We should also accept that—contrary to Murdo Fraser’s statements—transmission charging impacts on the renewables industry. Scottish Renewables states in its briefing to members:
“Levying higher charges on generators using the transmission network located furthest away from the main centre of demands can present a barrier to renewable energy generators which must locate where the resource is strongest, often far from the main centres of demand.”
Renewable energy, in terms of its location, is not as flexible as other forms of energy generation might be, because of the requirements of the resource from which the electricity is delivered into the grid.
On Murdo Fraser’s call for a new gas power station on the site of Longannet, it is worth noting that without resolution of the transmission charging regime situation, any future station of the type that Murdo Fraser envisages will, irrespective of the merits or otherwise of the proposal, simply find itself being affected by the same transmission charging problems and the same economic barriers that Longannet is facing. The key is to address the discriminatory transmission charging regime, which results in—as the minister highlighted—projects in the south of England being subsidised for connection and projects in Scotland paying through the nose to connect.
I am becoming a little bit concerned that the Scottish Conservatives are becoming overly obsessed with wind energy to the point of its being detrimental to them. I note that they do not mind wind farms as long as they are, perhaps, beneficiaries as a consequence of the income.
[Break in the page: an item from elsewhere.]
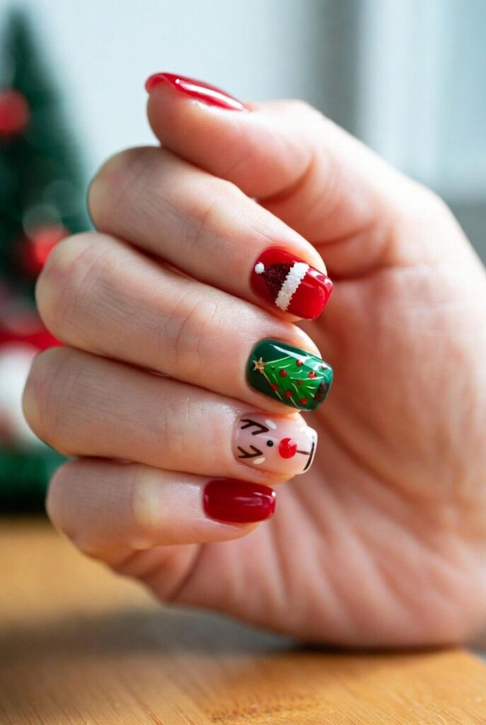 “Glossy red nails get a playful upgrade with a tiny white Santa hat, a green Christmas tree topped with a gold star, and a cute reindeer with a red nose — all clustered together like a little holiday scene. It’s sweet, whimsical, and totally Instagram-worthy — like wearing a Christmas card on your fingertips.”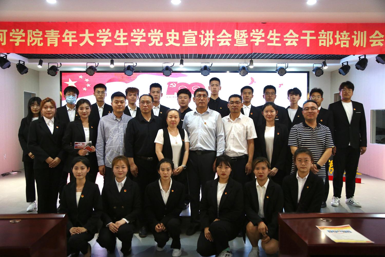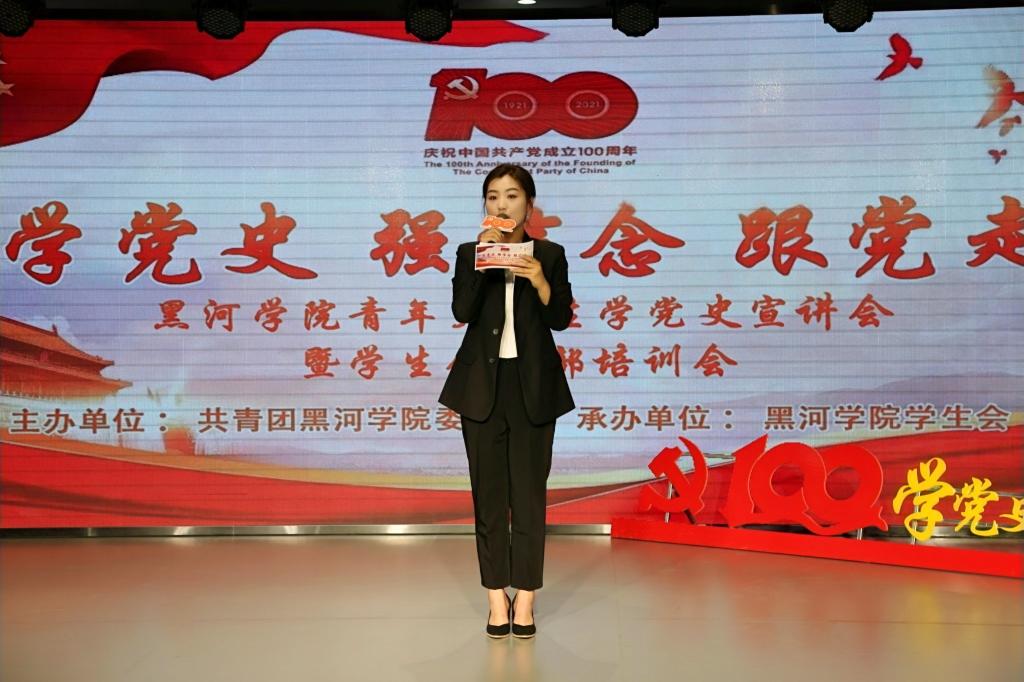 本网讯 (特约记者 肖尧 摄影 肖燕)为进一步将共青团党史学习教育再深入、再巩固、再提高,6月11日下午,由校团委主办、校学生会承办的“学党史 强信念 跟党走”青年大学生学党史宣讲会暨学生会干部培训会在中俄青创实践基地举行。学校党委副书记张焕强出席宣讲会并进行点评,组织部、宣传统战部、校团委负责人同校院学生会骨干近200人参加宣讲培训会。

However, it is a little bit perverse that while the Tories seem to object to people being able to see turbines from their windows, they seem at the same time to be pretty gung-ho about having the same property drilled under as part of fracking and hydraulic exploration. The position that the minister has taken of imposing a moratorium in order that we can address the clear questions that need to be answered is sensible. I certainly do not wish him to go down the gung-ho route that Murdo Fraser and his colleagues seem to wish to go down.